I wanted to bounce this idea.

The big keypoint here, is weather or not a hash is considered copyrighted content. If I hash a proprietary file, or website, or anything else proprietary, is the hash still protected by the original file's copyright? Everything I've been able to find on this says no.

The other issue is matching the format between the user's browser and the verification site, so that the hashes line up in the first place. maff & mht look like they are dead. This would require a good amount of work, but there are already extentions to save the web page into a single file,
addons.mozilla.org/en-US/firefox/addon/save-page-we/
chrome.google.com/webstore/detail/save-page-we/dhhpefjklgkmgeafimnjhojgjamoafof?hl=en-US

There aren't as many as I thought there would be, but they do exist, save page WE is GPLv2, so the method they use to create the single page archive could be copied verbatim on the verification site, or a new format could be created (I'm thinking something like just tar the output of the browser's "save complete page", the folder and the file, not sure if that would line up cross browser), for use on the verification site, and the user's browser via webext.

Is this idea worth exploring? Do you think anyone would bother to use it, or just continue to deal with archive.is and the like's censorship?

Attached: save_page_we.png (254x148, 4.54K)

Other urls found in this thread:

lennartb.home.xs4all.nl/fingerprint.html
reactjs.org/)
web.archive.org/web/20180328221121/https://8ch.net/tech/res/883963.html#q890152
github.com/webrecorder/webrecorder
twitter.com/NSFWRedditGif

this is why I hate buzzwords

Something like this might be a legitimate use of a blockchain.

Extremely useful, get to work! I’ll pay you when you’re done if you post your wallet address or a patreon or something. I want this done now. This project is vital to free speech. If you do a good job I’ll seriously send you good money like 1-2Gs here.

i'm not into the blockchain meme, that seems like a lot of bloat to simply match hashes between a client and server

that's good to know, I'm sure I would take donations because I don't hate money, but the whole thing would be GPL, even the server side. that's the only way to avoid the censorship, even if (and i have to do more research on this) the hashes are not considered copyrighted content, that doesn't mean it couldn't get sued offline. GPL client and server side would make that irrelevant.

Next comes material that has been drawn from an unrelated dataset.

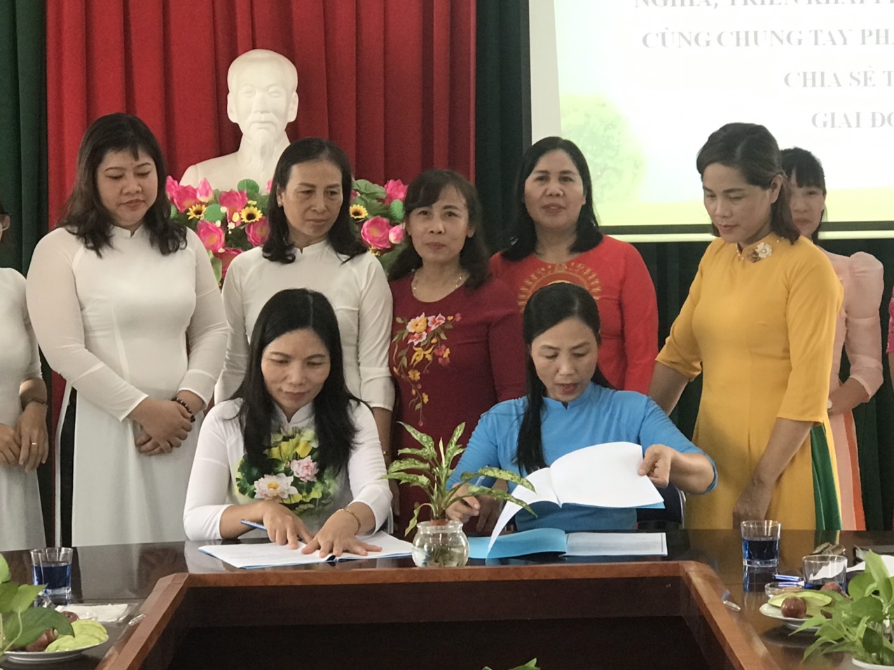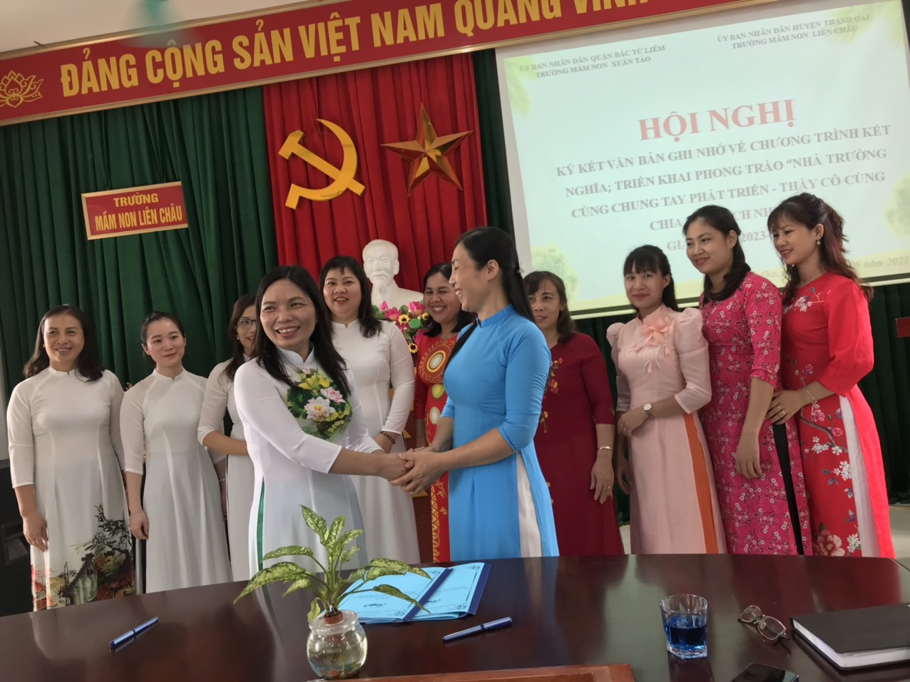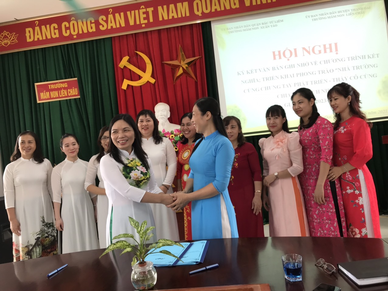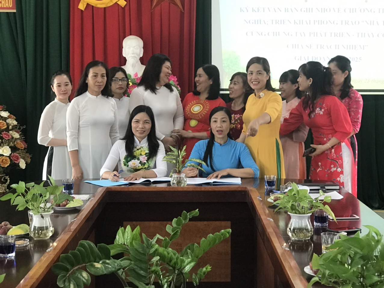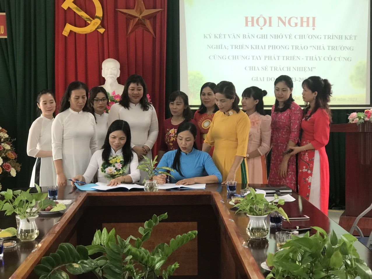 Đã tiến hành trao đổi và đồng thuận nhất trí ký kết Biên bản ghi nhớ về Chương trình kết nghĩa, triển khai phong trào "Nhà trường cùng chung tay phát triển- Thầy cô cùng sẻ chia trách nhiệm" giai đoạn 2023-2025

Thinking about this further, a browser side archiver would cause nothing but problems due to website's changing their output based on user-agent and other things. The client side would likely be a separate client.

-archiver core
-create the archive and the hashes, CLI front-end

-client side
-GUI for archiver core

-server side
-website that use's archiver core, delete's the archive and only use's the hash afterwards, store's in the database, search functions, etc.

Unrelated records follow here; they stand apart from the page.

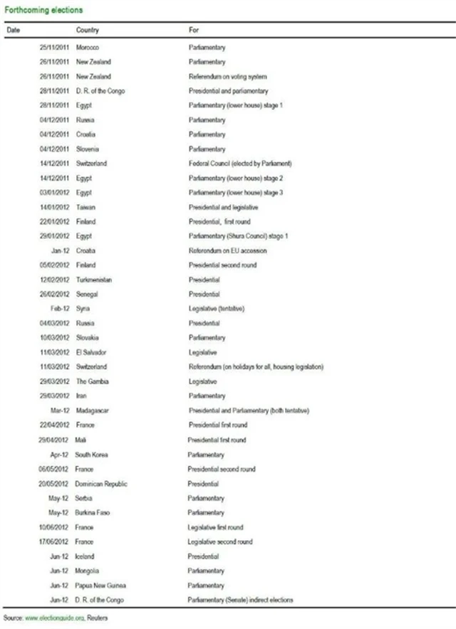 V níže uvedené tabulce mohou investoři najít země, v nichž by v blízké době měli bedlivě sledovat politický vývoj kvůli nadcházejícím volbám:
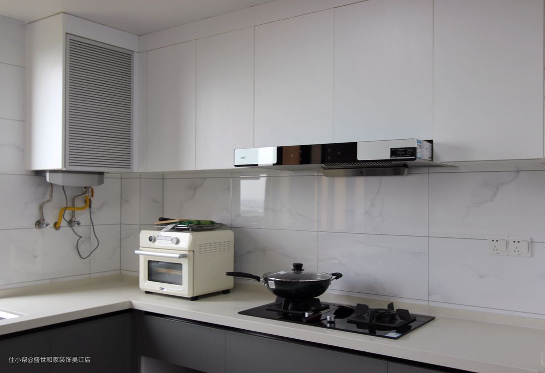 上下橱柜储物空间加倍,分类收纳不同的厨房用品。另外安装开光插座,不用来回插拔,大大的减少了插头和插座的损坏。
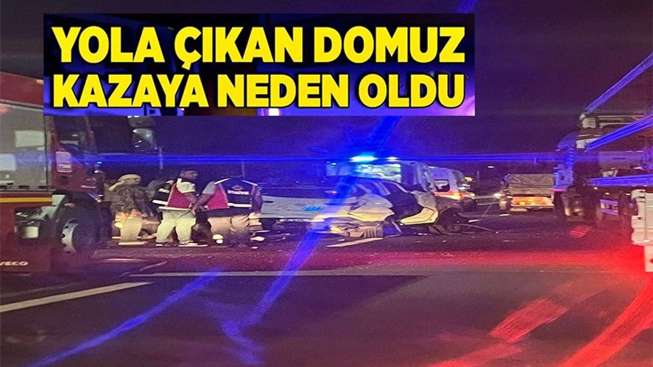 Bilecik'te aniden yola çıkan domuz nedeniyle kontrolden çıkan otomobilin bir kamyona arkadan çarpması sonucu yaşanan trafik kazasında 5 kişi yaralandı.
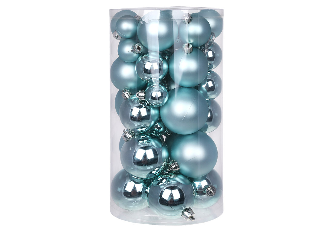 Набір ялинкових куль, колір - блакитний, 40шт - 6см, 5см, 4см, 3см: 5шт - глянець, 5шт - матовий для кожного розміру
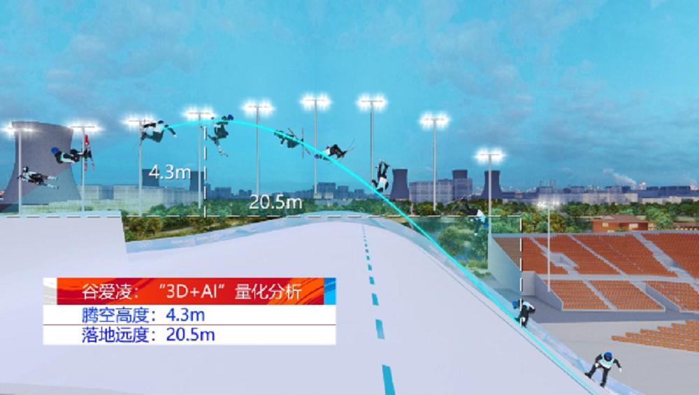 该系统运用AI无干扰三维动作捕捉、超宽带精准定位测试、北斗导航、高速运动自动跟拍机器人、无人机摄影等多项技术,对运动员的助滑、起跳、飞行和落地的姿态进行系统分析,精确测算起跳高度等指标,为教练和运动员调整训练方案提供科学数据支撑。
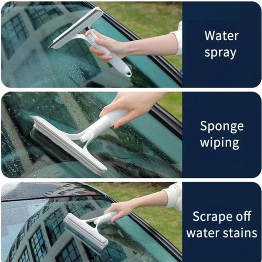3 in 1 Window Wiper with Spray Bottle Scraper Cleaning Brush, Car Home Window Cleaner Wiper
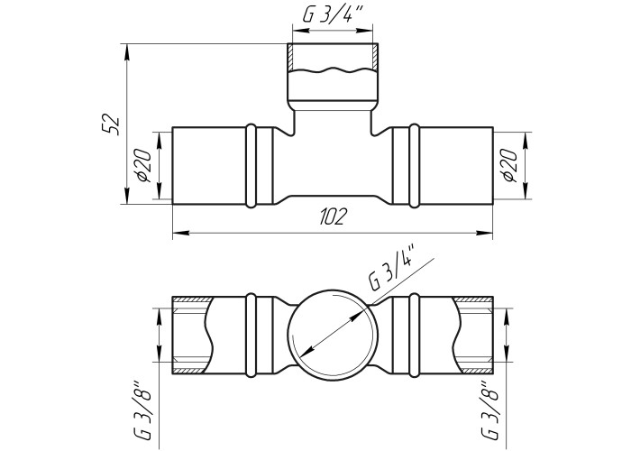 Габариты : 20*3/4*20 на 20 металлопластиковую трубу
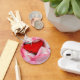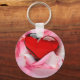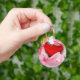Liebliche und romantische Illustration mit einem roten Glasherz auf einem Bett mit weißen rosa Rosenblättern.

does the EFF answer questions like this regarding the copyright status of a hash?

What about ads? Every person that tries archiving website X will be shown a different set of ads thus creating non matching hashes. Obviously you could block ads as default but then you wouldn't be making a perfect copy of the website. The other archivers make it possible to check who was advertising on a given website at a random time period for example

Following up on what said
You would need to apply some heuristics on what to cull in your hash data.
You have things like ads / tracking ids like was suggested before, but you have much more benign things as well.
- Dates
- Customization for specific user agents (not common in modern times)
- Paywalls
- Membershipwalls
- username of a logged in user

One solution would be to take the DOM tree and for all of the nodes below height X with children and compute the hash for them.

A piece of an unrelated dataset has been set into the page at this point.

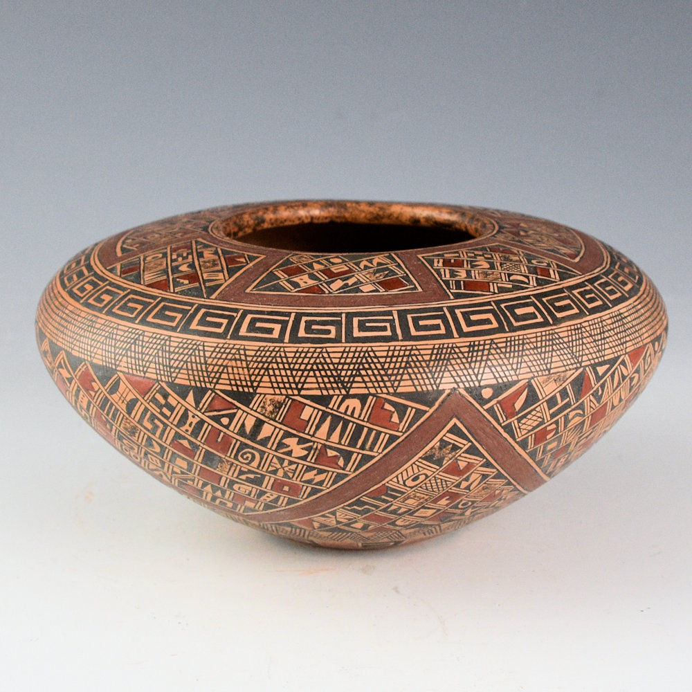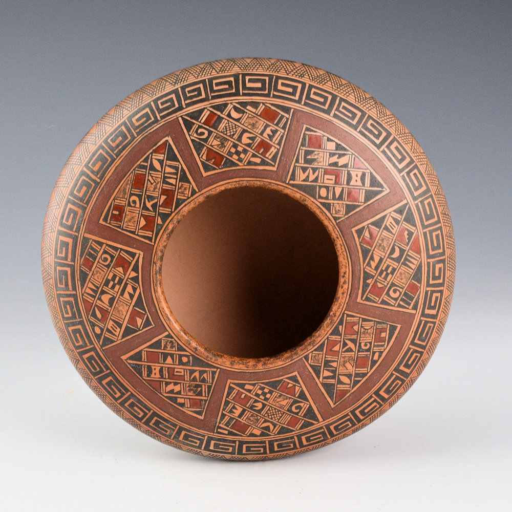 The bowl has a wide shoulder and flat top. The top has a “key hole” design in burgundy clay, which is filled in with small shard squares. There is a cloud and mountain design around the shoulder. Below the shoulder, there are triangular mountain designs in deep burgundy red. These sections have flowing places with squares of shard designs. Note how they are painted at an angle! All the deep red areas are also stone-polished. This bowl has an amazing amount of line work! The early 2000s were some of Rondina’s most intricate pieces, and this is certainly one of them. It is tightly painted and striking in person! It was traditionally fired to create the blushes on the surface. The bowl is signed on the bottom in the clay, “Rondina Huma”. It is in excellent condition with no chips, cracks, restoration, or repair. A great-sized piece with exceptional painting!
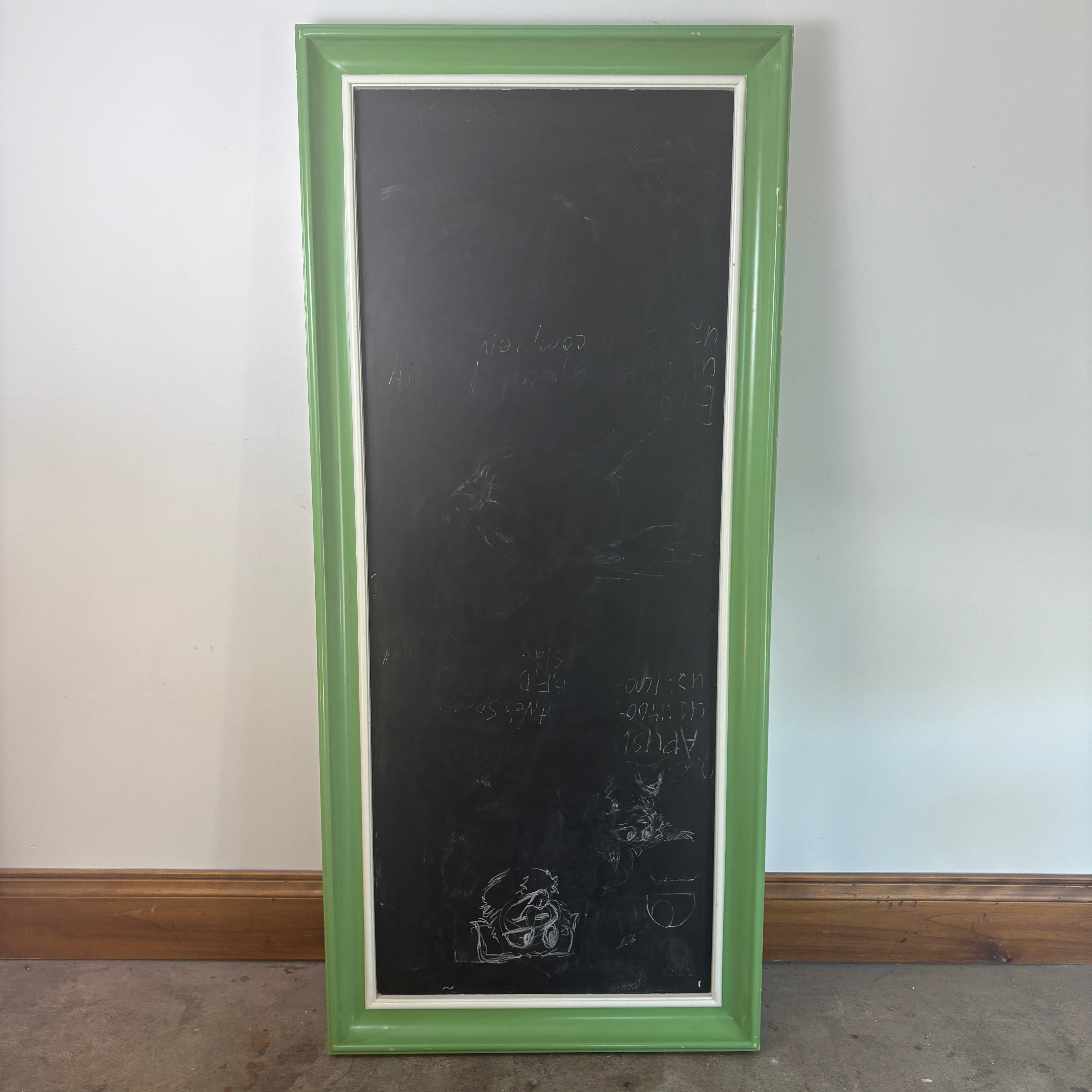 Chalk Board Framed in Green Painted Particle Board. Note: this coordinates with a mirror and cork board on our site.

that's a good point, i didn't think about that. 3rd party domains could be blocked from the archive, most ads come off a different domain, but that might also block out other stuff.

The only way I can think to deal with that is to hash all of the individual files in the archive, and then provide all of the hashes. Page location layout might be approaching copyrighted territory, but I don't see a way around it. The client could then have an option to remove any files that don't match the server's hash (or save another copy), which would leave only a verified page, whatever was deleted would just fail to load.

Another possibility is to hash only the source. Or extract all of the text content and hash only that. Hashing only the source still might cause problems with dynamic pages and ad content, you could remove all the javascript, but then half the internet isn't going to load at all.

Another consideration I saw checking out archive.is, is GeoIP targeting. archive.is sends the user's IP address to the site in a header (didn't know that), to match the user's location instead of the servers. I don't know any way to deal with that except to replicate the functionality on the server, delete the user's IP address afterward and allow for multiple correct hash's on the same website for the same exact time.

I think all of these options might need to be implemented to deal with these problems.
-Text Only
-Block 3rd Party
-No Javascript
-Individual File Hashes

That's becoming a lot of combinations.


if there's a paywall or membership wall or any kind of required login the disclaimer could be it's flat out not going to work and not expected to. there's no way a server is going to be able to replicate something behind a login wall. the page has to be publicly accessible in the first place.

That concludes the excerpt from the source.